<!--
%\VignetteEngine{simplermarkdown::mdweave_to_html}
%\VignetteIndexEntry{Introduction to synthesizer}
-->

---
title: Introduction to `synthesizer`
author: Mark P.J. van der Loo
css: "style.css"
---

Package version `packageVersion("synthesizer")`{.R}. 

Use `citation('synthesizer')` to cite the package.

## Introduction

`synthetiser` is an R package for quickly and easily synthesizing data.
It also provides a few basic functions based on pMSE to measure some
utility of the synthesized data.

The package supports numerical, categorical/ordinal, and mixed data and also
correctly takes account of missing values.

At the moment the method used seems promising but we are working on
investigating where the method shines and where it fails. So we have no
guarantees yet on utility, privacy, and so on. Having said that, our
preliminary results are promising, and using the package is very easy.


## Installation

The latest CRAN release can be installed as follows.
```
install.packages("synthesizer")
```
Next, the package can be loaded. You can use `packageVersion` (from base R) to
check which version you have installed.
```{#load_package .R}
library(synthesizer)
# check the package version
packageVersion("synthesizer")
```

## A first example

We will use the `iris` dataset, that is built into R.

```{#load_chickweight .R}
data(iris)
head(iris)
```

Creating a synthetic version of this dataset is easy.

```{#synthesize_iris .R}
set.seed(1)
synth_iris <- synthesize(iris)
```

To compare the datasets we can make some side-by-side scatterplots.

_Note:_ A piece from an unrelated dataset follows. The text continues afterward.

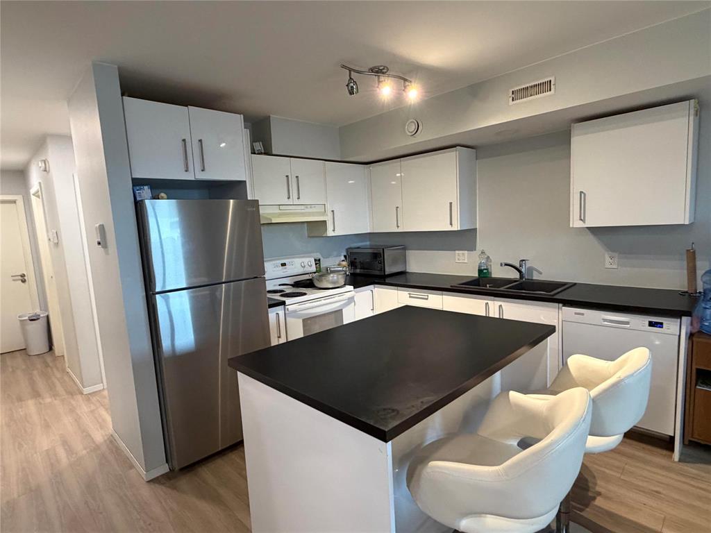 982 sq.ft. 2 bedrooms, 1- 4pcs bathroom condo, located in the lower level. Kitchen and bath contain ultra gloss cabinets with soft closing drawers. The following appliances are included: fridge, stove, dishwasher, washer, dryer. European style high efficiency windows and doors. Large windows for lots of natural light. Laundry is in the apartment. 1 parking space is included, visitor parking. $198 condo fee.
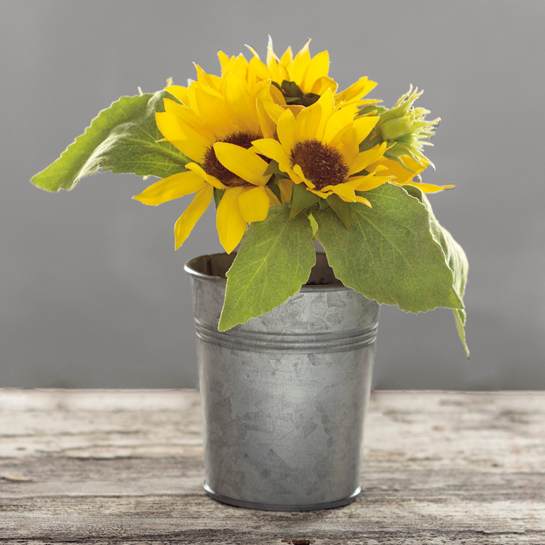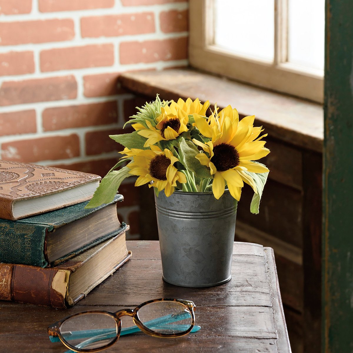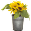 A small metal gardening bucket featuring faux sunflowers. Complements well with coordinating pieces in collection for a charming indoor garden.

```{#plot .R  fun=output_figure name="test" caption="Original and Synthesized Iris" device="png" width=800 height=400}
oldpar <- par(mfrow=c(1,2))
plot(Sepal.Length ~ Petal.Length, data=iris, col=iris$Species, pch=16,las=1,xlim=c(0,7),ylim=c(4,8),main="Original")
legend("topleft",legend=levels(iris$Species),col=1:3,pch=16,bty="n")
plot(Sepal.Length ~ Petal.Length, data=synth_iris, col=iris$Species,pch=16,las=1,xlim=c(0,7),ylim=c(4,8),main="Synthesized")
legend("topleft",legend=levels(iris$Species),col=1:3,pch=16,bty="n")
par(oldpar)
```


By default, `synthesize` will return a dataset of the same size as the input dataset. However it is
possible to ask for any number of records.

```{#synthesize_more .R}
more_synth <- synthesize(iris, n=250)
dim(more_synth)
```

## Checking quality

The pMSE method is a popular way of measuring the quality of a dataset. The idea is to 
train a model to predict whether a record is synthetic or not. The worse a model can
do that, the better a synthic data instance resembles the real data. The value scales
between 0 and 0.25 (if the synthetic and real datasets have the same number of records).
Smaller is better.

```{#pMSE .R}
pmse(synth=synth_iris, real=iris)
```


## How it works


Synthetic data is prepared as follows.

Given an original dataset with $n$ records:

1. For each numeric variable in the dataset, determine the empirical inverse
   cumulative density function (ECDF), and use linear interpolation to interpolate
   between the data points. The observed minimum and maximum are also the minimum
   and maximum of the synthetic univariate distribution. Sample $n$ values using
   inverse transform sampling with the linear interpolated inverse ECDF. 
   Missing values are taken into account by sampling them proportional to their
   occurrence.
2. For each categorical or logical variable, sample $n$ values with replacement.
3. Reorder the synthetic dataset such that the rank order combinations of the synthetic
   data match those of the original dataset. 

If less than $m<n$ records are needed, sample $m$ records uniformly from the dataset just created.
If $m>n$ records are needed, create $\lceil m/n\rceil$ synthetic datasets of size $m$ and sample
uniformly $m$ records from the combined data sets.